Ad incantare la serata, condotta da Carlo Conti, due donne che hanno portato e portano tuttora, rispettivamente, il cinema e la musica italiani in tutto il mondo. La prima è l’eterna Sophia Loren, che conquista il David come migliore attrice protagonista (il suo settimo) per il film La vita davanti a sé di suo figlio Edoardo Ponti, ricevendo una lunga standing ovation da parte dei presenti in sala. “Stasera sembra di nuovo la prima volta, l’emozione è la stessa è la gioia è la stessa” rivela con emozione una volta salita sul palco, “sono grata  a mio figlio. Dopo tanti film ho ancora voglia di farne un altro, sempre più bello, perché io senza il cinema non posso vivere”. L’altra donna che ha impreziosito la cerimonia è stata Laura Pausini, la quale ha aperto la serata cantando la sua Io sì (tratta proprio da La vita davanti a sé) direttamente dalla galleria del Teatro dell’Opera di Roma. Il brano della cantante romagnola, già vincitore del Golden Globe e candidato agli Oscar, non è però riuscito a conquistare la giuria, che ha invece premiato l’ironia di Checco Zalone assegnando la statuetta per la migliore canzone originale alla sua Immigrato, tratta dal film Tolo Tolo da lui stesso diretto.

Quanto agli altri riconoscimenti, i migliori attori non protagonisti sono Matilda De Angelis e Fabrizio Bentivoglio, entrambi per la loro prova ne L’incredibile storia dell’isola delle Rose, pellicola in cui peraltro il protagonista è lo stesso Elio Germano. Il miglior regista esordiente è Pietro Castellitto (reduce dall’esperienza nei panni di Francesco Totti) per il suo I predatori, mentre il David alla migliore sceneggiatura, per il film Figli, viene assegnato postumo a Mattia Torre, scomparso nel 2019. Il premio viene ritirato sul palco dalla giovanissima figlia Emma, che con la sua dolcezza fa emozionare tutti i presenti, primo fra tutti Valerio Mastandrea, protagonista del film insieme a Paola Cortellesi e grande amico di Torre. “Complimenti al mio papà, anche se non c’è più” dice la ragazza, “dedico il premio alla mia mamma che non si arrende mai, e al mio fratellino che mi fa ammazzare dalle risate”. Grande soddisfazione poi anche per una grande icona dello sport: il docufilm Mi chiamo Francesco Totti di Alex Infascelli, che racconta in maniera intensa ed emozionante la vita e la carriera dello storico capitano della Roma, conquista infatti la statuetta per il miglior documentario.

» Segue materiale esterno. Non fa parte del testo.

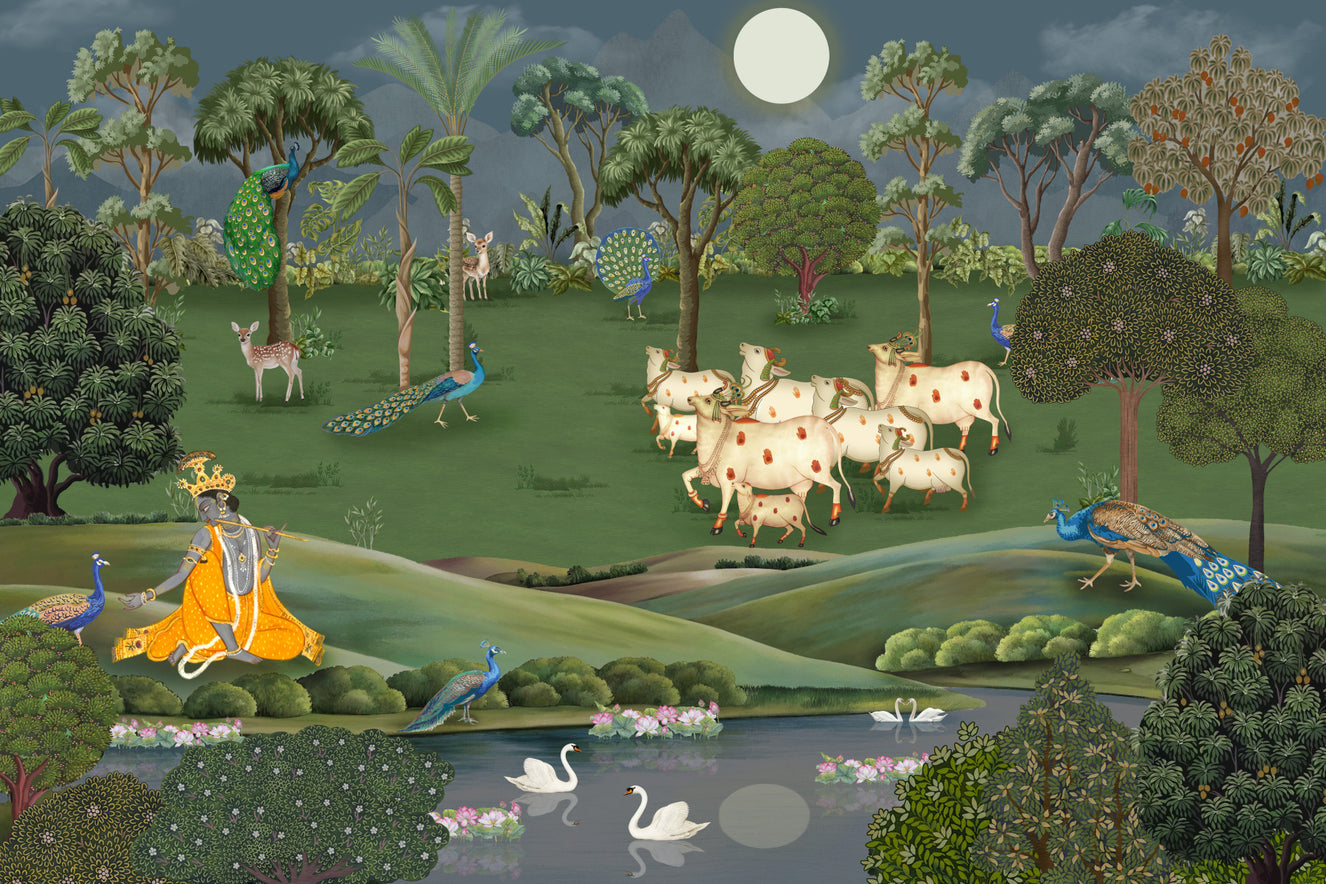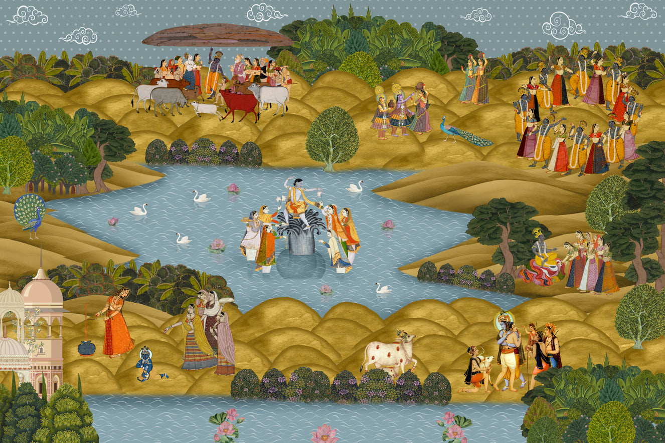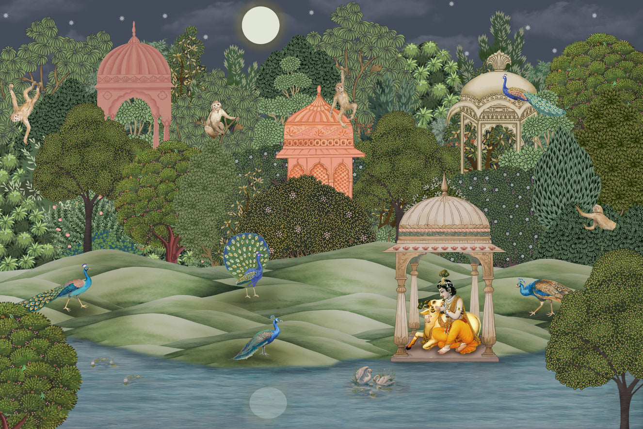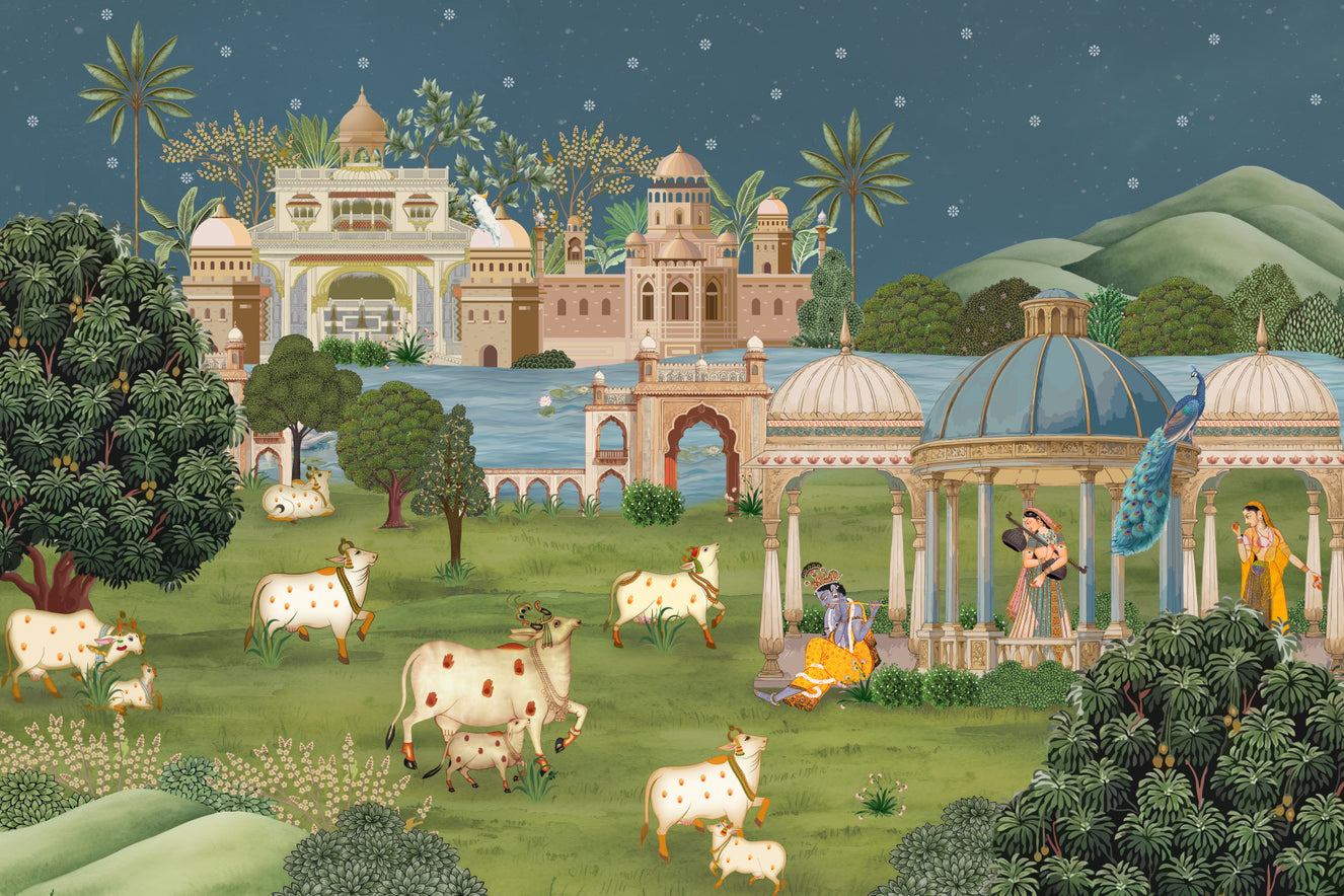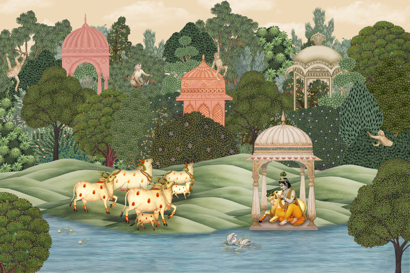 Individuals who have a particular concept in mind can get a Customizable Mandir Wallpaper, which is a perfect solution. You can see the design's precise size, choose certain hues, or even get a Pichwai Wallpaper for Pooja Room style that embodies the art forms of the past. This means that the wallpaper for the mandir wall will absolutely be in sync with the measurements and the style of your idols.

Doveroso accenno, infine, per i riconoscimenti speciali di questa edizione. Diego Abatantuono e Monica Bellucci ricevono il David speciale, mentre a Sandra Milo viene assegnato quello alla carriera. Momento molto toccante poi, quello che Enrico Brignano dedica alla celebrazione del grande Gigi Proietti, accompagnato da una commossa standing ovation.